In the menacingly steep hillsides of the Northern Rhône, where it would be too cold to grow this grape if not for the southeastern-facing slopes, syrah reaches its most dramatic potential. The wines from the appellations of Côte Rôtie (literally “roasted slope”) and Hermitage are ageworthy wines that are usually made up of 100 percent syrah, although winemakers there sometimes add a tiny bit of white wine in the blend for added fragrance and complexity. Tastewise, syrah from the Rhône Valley has lots of tannin and a serious gamy, leathery grip. Cornas is a lesser known Rhône appellation, comprising 100 percent syrah, which is typically a great value; it has all the smoky, rough-hewn meat-like taste of Côte Rôtie and Hermitage—at about half the price.

Australia

Syrah is called shiraz here and pronounced “SHEEEE-raz,” with a thick Australian accent.
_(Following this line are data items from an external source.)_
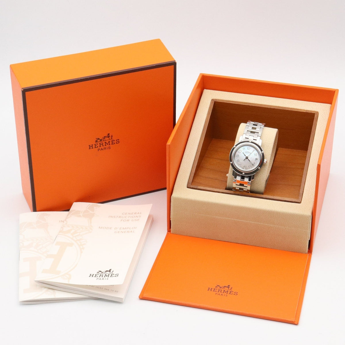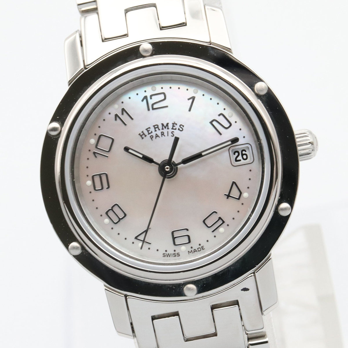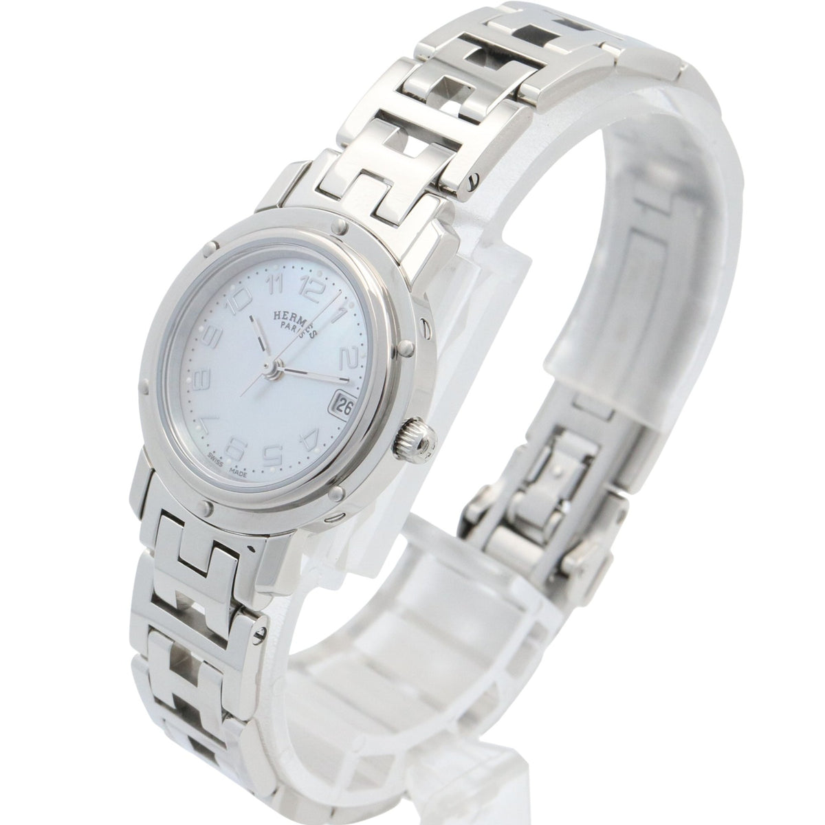 Pre-Owned Herm?s Clipper Nacr?e Watch, Stainless Steel, Women's, White, White Shell, CL4.210
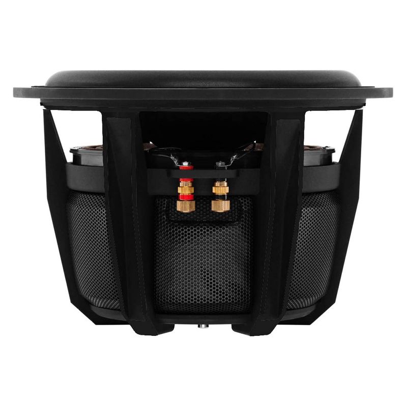 This particular BBD12B car subwoofer model measures 12 inches in diameter and features a dual 4-ohm 2.5-inch copper voice coil, 83 dB sensitivity, and 28 Hz resonant frequency. Meanwhile, this 12-inch subwoofer boasts 2500 watts of max and 1250 watts RMS power handling so you can get more powerful bass out of your system.
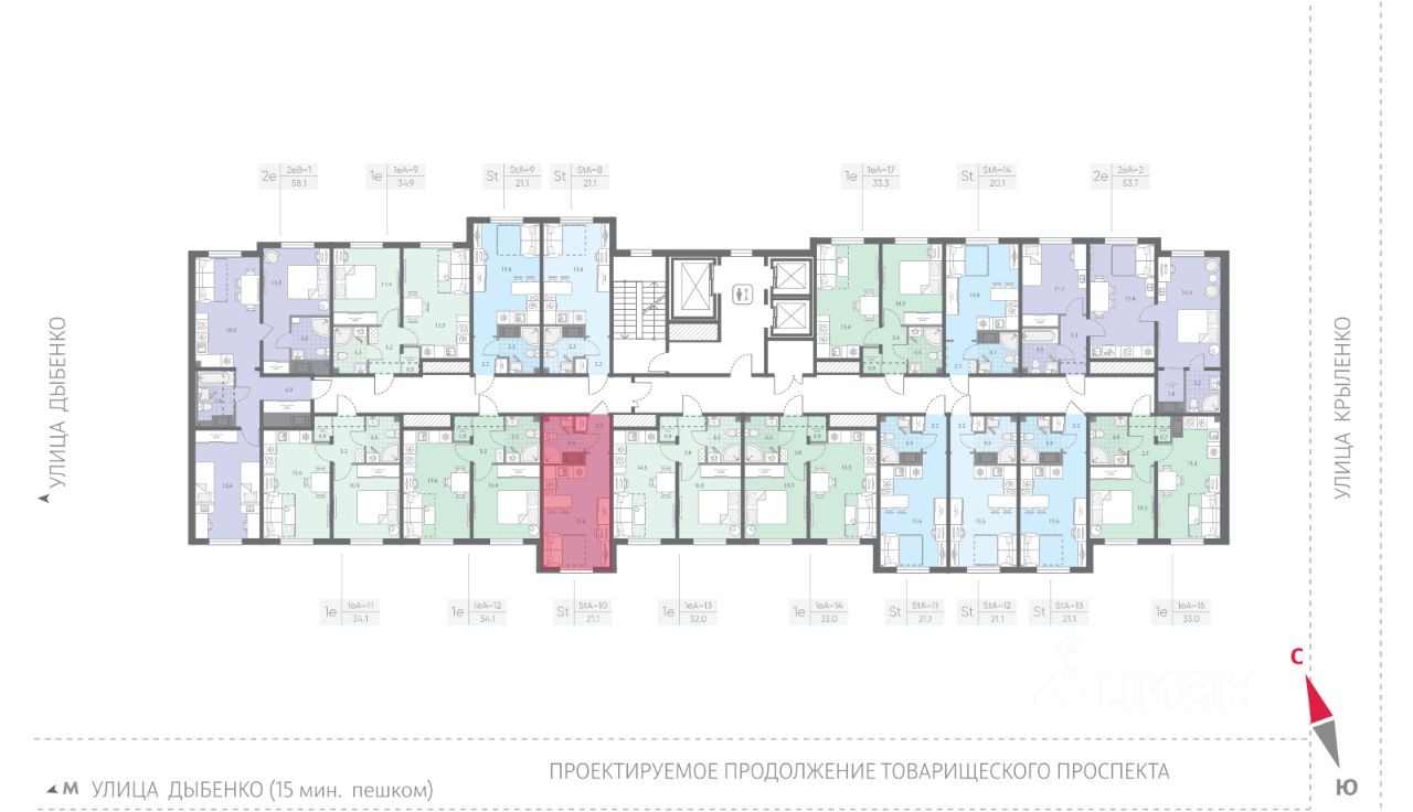 Продается студия в ЖК "Дыбенко Парк" на 10 этаже. Общая площадь составляет 21.10 кв. м. Квартира с чистовой отделкой. Жилой комплекс располагается по адресу Санкт-Петербург, проспект Товарищеский.

Many people associate Australia’s version of the grape with the mass-produced, lackluster wines of huge corporations, but more and more small-production, handcrafted wines are now being imported into the United States. The best accentuate the grape’s warm blueberry jam, chocolate, and spice character.

California

Although syrah grows contentedly all over California, it is defining an especially compelling niche in the viticultural areas of the middle and southern Central Coast. In the late 1980s, a visionary group of winemakers calling themselves the Rhône Rangers set out to plant Rhône varietals (namely syrah, grenache, mourvèdre, and viognier) in this area. Paso Robles, Edna Valley, Arroyo Grande Valley, Santa Maria Valley, and Santa Ynez Valley are all Central Coast homes to syrah, a grape that is helping to call more attention to these appellations.

Washington State

Washington syrahs may be somewhat new, but recent vintages show immense promise. The best are intense, with a dark core of fruit and a lovely mineral component. They are undoubtedly American in taste, but somehow demonstrate more grace than many of their California cousins.